Et d’où venaient donc ces nuages que vous évoquez dans le livre ?

C’est d’abord la question berbériste. Il y a eu des liquidations pendant la Révolution suite à la crise de 1949. Abane avait fait face à Messali. C’est pour cette raison que les messalistes détestaient Abane. Abane déterminait la manière d’agir avec les messalistes. Et entre le FLN et le MNA, c’était la guerre. Les messalistes étaient les premiers à passer à l’acte. Je me suis intéressé aussi à la relation entre Abane et Krim pendant la période algéroise. Krim était arrivé à la Révolution à la faveur de la crise de 1949. Il devait instaurer l’ordre en Kabylie. Ensuite, la séparation entre Abane et Krim était irrémédiable, l’un est allé au Maroc, l’autre en Tunisie. Abane était accompagné de Dahleb, Krim et Benkhedda. Ensuite ce fut la rupture définitive. Après la mise en prison des dirigeants, Krim eut l’ambition de devenir le chef national de la Révolution. Abane Ramdane était également dur avec les Egyptiens. Ce qui lui avait valu également des problèmes. Les Egyptiens cherchaient à l’époque leur intérêt. J’ai développé tout cela dans le livre.

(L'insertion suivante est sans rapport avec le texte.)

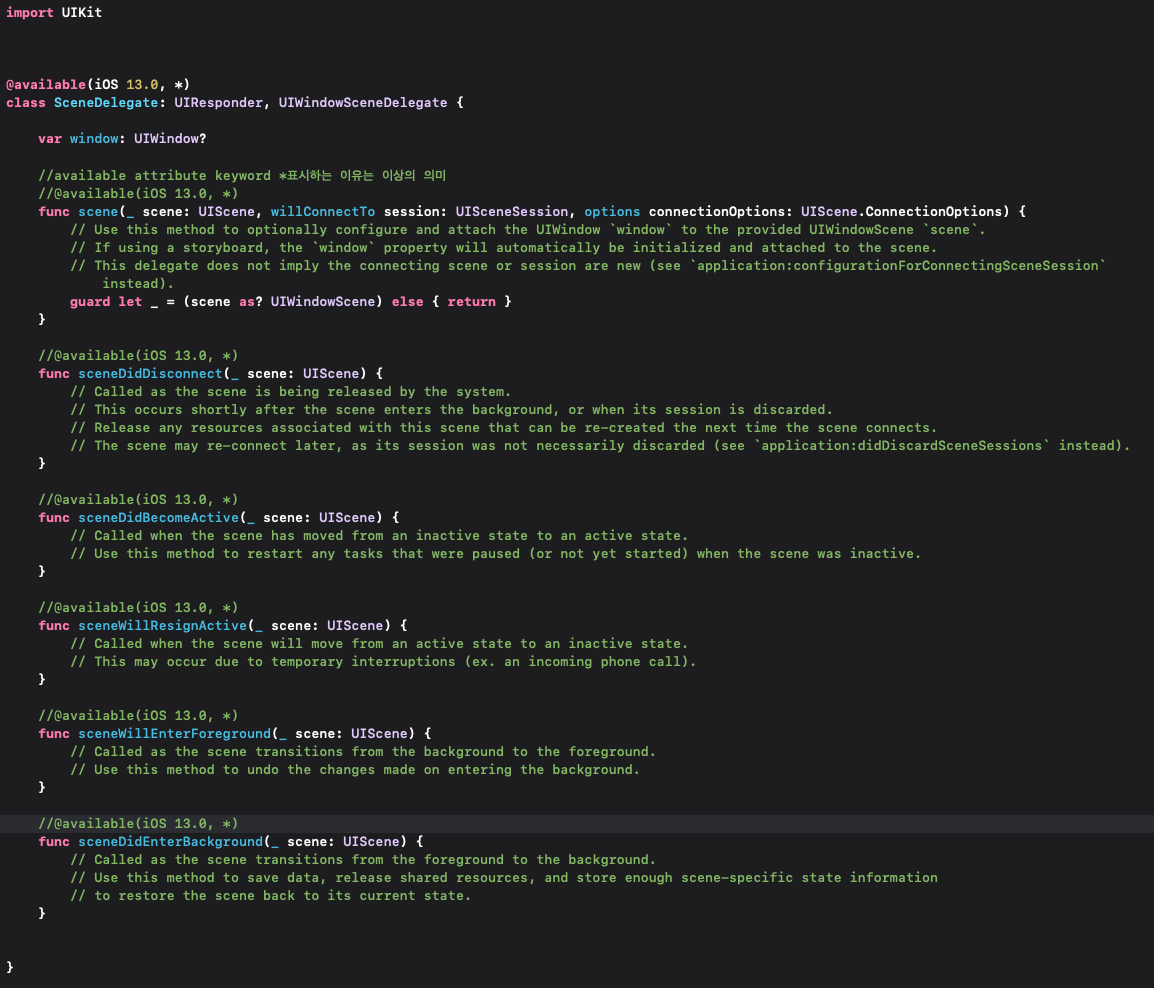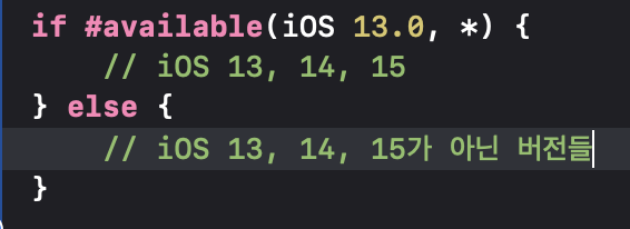 위의 예시처럼 iOS 13을 포함한 그 이상(*)의 버전에서만 scene을 호출 할 수 있다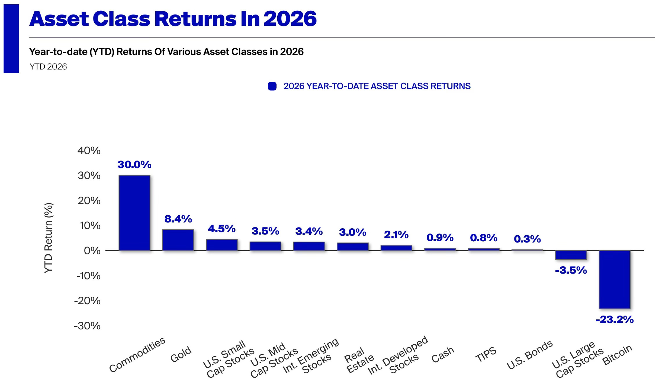 If you had told investors in January that bitcoin would be the single worst-performing asset class by the end of March, most would have laughed. But here we are. Bitcoin dropped more than 23% while commodities ripped 30%. Large-cap U.S. stocks weren’t far behind bitcoin on the losers list. That’s not a lineup many saw coming.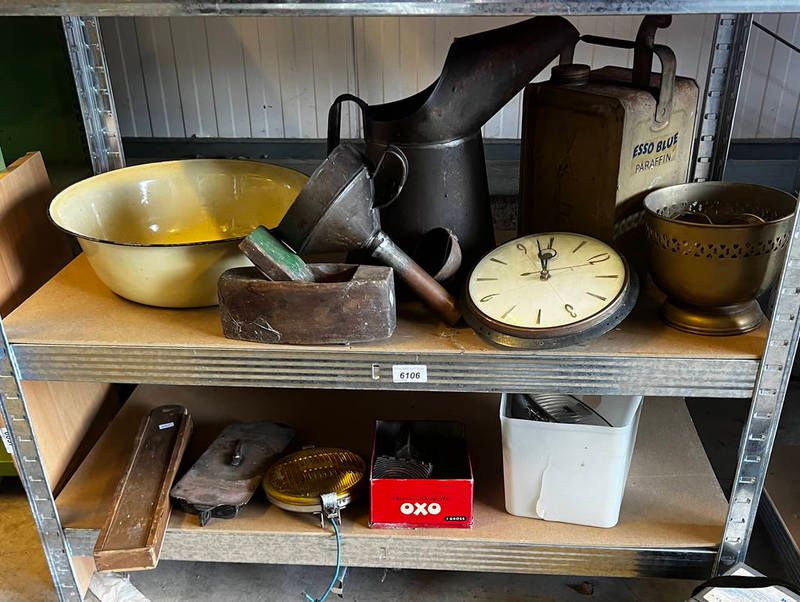 Valor can, oil can, funnels, automotive lights, etc on 2 shelves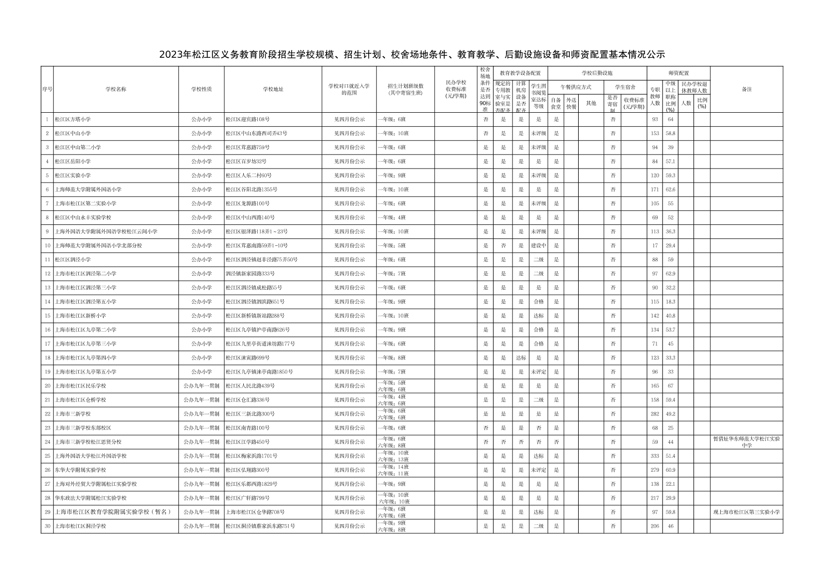 | 2023年松江区义务教育阶段招生学校规模、招生计划、校舍场地条件、教育教学、后勤设施设备和师资配置基本情况公示 | ||||||||||||||||||||

Krim était-il derrière l’élimination de Abane ?

Oui, bien sûr. On ne va se raconter des histoires. Krim est partie prenante à 100% dans l’élimination de Abane. Maintenant, je peux le dire. Et je vais le démontrer dans mon prochain livre. Le bras criminel reste Boussouf, mais avec Krim partageant l’idée de l’assassinat.